What exactly should a foreigner do, if his obligor is a state enterprise on the territory of Ukraine
Ukraine, after obtaining independence in 1991, has took the path of development of market economy. However, the influence of the former communist party official clerks had been so great that many of economic reforms were not put into action. Also, people with title of “red director” (person who been a manager in time of existing of Soviet Union state) were not interested in economic reforms, they put all forces to oppose the privatization of their companies to continue the usage of state entities in their own purposes. There are still a lot of state enterprises in Ukraine, as a result of those cases. The name state enterprise, in the broadest sense of the word, refers to a large range of entities: unitary enterprises, public enterprises, commercial enterprises with a share of the Ukrainian government in the authorized capital of more than 50%, municipal enterprises. These state enterprises have so broad and diverse sphere of activities, that it can be a state enterprise-monopolist with multibillion turnovers, such as “Naftogaz Ukraine”, and a small local company with minimum turnover like tens of thousands euro per year.
Many of state enterprises provided international economic activities, such as buying some equipment abroad, borrowing from foreign bank institutions and investment companies, ordering work or services. Due to the nature of its management of state enterprises, they really are not fair and binding payers on their debts, and as a result foreign contractors have to go to courts or arbitrations to protect their legitimate rights and interests. And even with the decision of the competent Ukrainian court or tribunal, foreign contractor sometimes cannot receive appropriate monetary satisfaction.

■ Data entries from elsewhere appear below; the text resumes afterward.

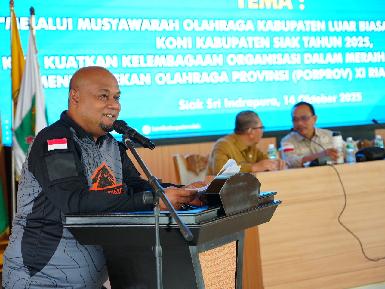 Musorkablub KONI Siak dengan tema melalui musyawarah Olahraga Musorkablub KONI Siak 2025, kita kuatkan kelembagaan Organisasi dalam meraih prestasi terbaik pekan olahraga Propinsi XI Riau tahun 2026 di buka oleh Wakil Bupati Siak Syamsurizal.
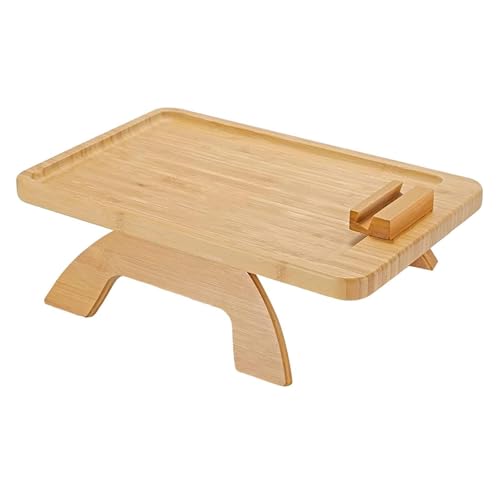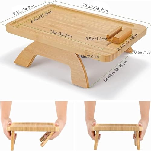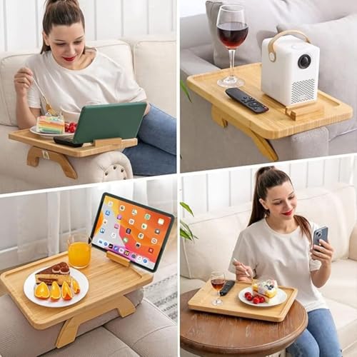 Aartner - صينية اريكة خشبية لمسند الذراع مع حامل دوار، 29 × 21 سم قابلة للطي بمشبك على رف الكنبة والوجبات الخفيفة والجوال والتحكم والاكواب، صينية ذراع الكنبة المحمولة
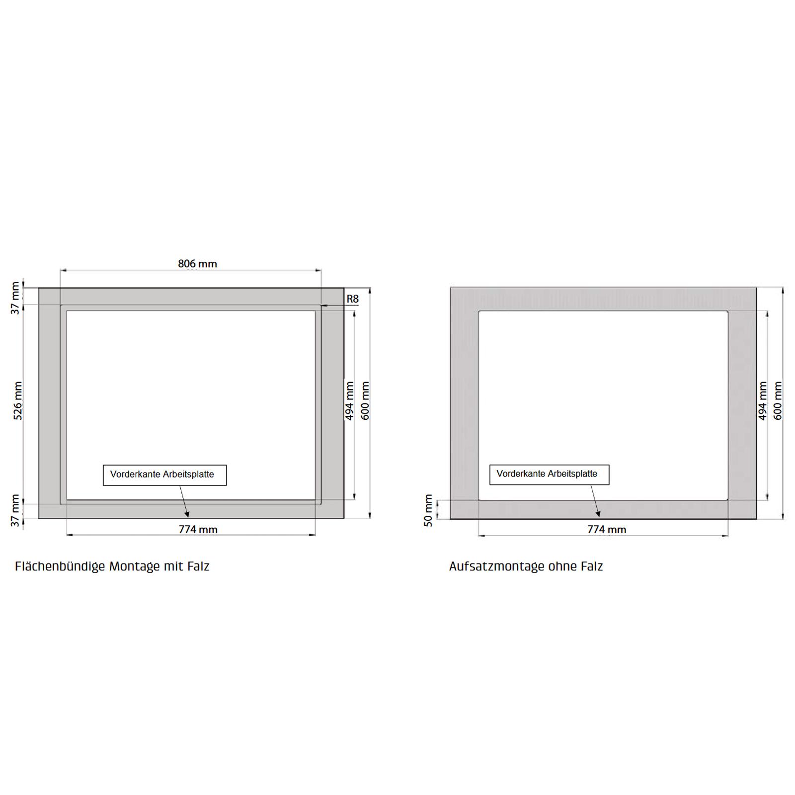 Das 80 cm breite Kochfeld bietet zwei Einbauvarianten: Es kann sowohl flächenbündig als auch rahmenlos in die Arbeitsplatte integriert werden und fügt sich damit harmonisch in unterschiedliche Küchendesigns ein.

There are a few reasons for it: a debtor has no property, improper work of state executive body, which obligates for execution of court decisions, putting this entity in the lists of not possible to privatization (in this case, we cannot inflict a punishment upon the debtor’s property, even in bankruptcy proceedings), etc .
All factors of this situation belongs to the inability of the state of Ukraine to ensure observance of an Article 6 (Right to a fair trial), Article 13 (Right to an effective remedy) and Article 1 of the First Protocol to the Convention for the Protection of Human Rights and Fundamental Freedoms. So, foreign contractors can expect for protection of their rights and legitimate interests in the European Court of Human Rights (“ECHR”). While the adjudgment proceeding in the ECHR takes a long time, we cannot discard such way to protect the rights and interests.
Ukraine belongs to five countries with the highest number of complaints to the ECHR, that’s why Ukrainian lawyers have extensive experience in drawing up such complaints and further their support in the ECHR. Moreover, Ukrainian lawyers are ready to accompany the case to the ECHR concerning the non-enforcement of Ukrainian court’s decisions on debt payments by state enterprises (unitary, public, municipal enterprises, enterprises with the state share in the authorized capital of more than 50%) under the conditions of the success fee, in other words, lawyers will get a remuneration only in cases of success. This approach allows foreign contractors to begin defense of their rights with minimum cash expenditures and because of this such conditions are very interesting.
Separately, I want to say about the existence of other effective instrument to protect the rights and legitimate interests of foreign investors in Ukraine. This is the Convention on the Settlement of Investment Disputes between States and Nationals of other States. Ukraine is a participant of it. According to the Convention, It was established the International Centre for Settlement of Investment Disputes (ICSID, Washington), which considered investment disputes between Contracting States and natural or legal persons of other Contracting States. Not every foreign entity or person with the right to seek a debt from Ukrainian entities (private or state, it doesn’t matter) can take advantage of this legal instrument, but only those individuals whose injections in Ukraine’s economy shows real investment, not trade or financial transactions. It does not matter whether investments have been injected to private or state sector of the economy; the protection includes both of them. This method of protection of foreign investments is not popular among investors due to certain legal complications and expensive of procedures, but there is a tendency to increase protection of foreign investment exactly in such a way. It is due to the fact that the ICSID is generally accepted international institution for Investment Disputes, whose authority is supported by the International Monetary Fund.
Summing up, we can say that if you are a foreign company and your obligor is a state enterprise in Ukraine, you have already used all legal methods of debt collection, it is necessary to use available procedures and possibilities to defend your interests in international courts.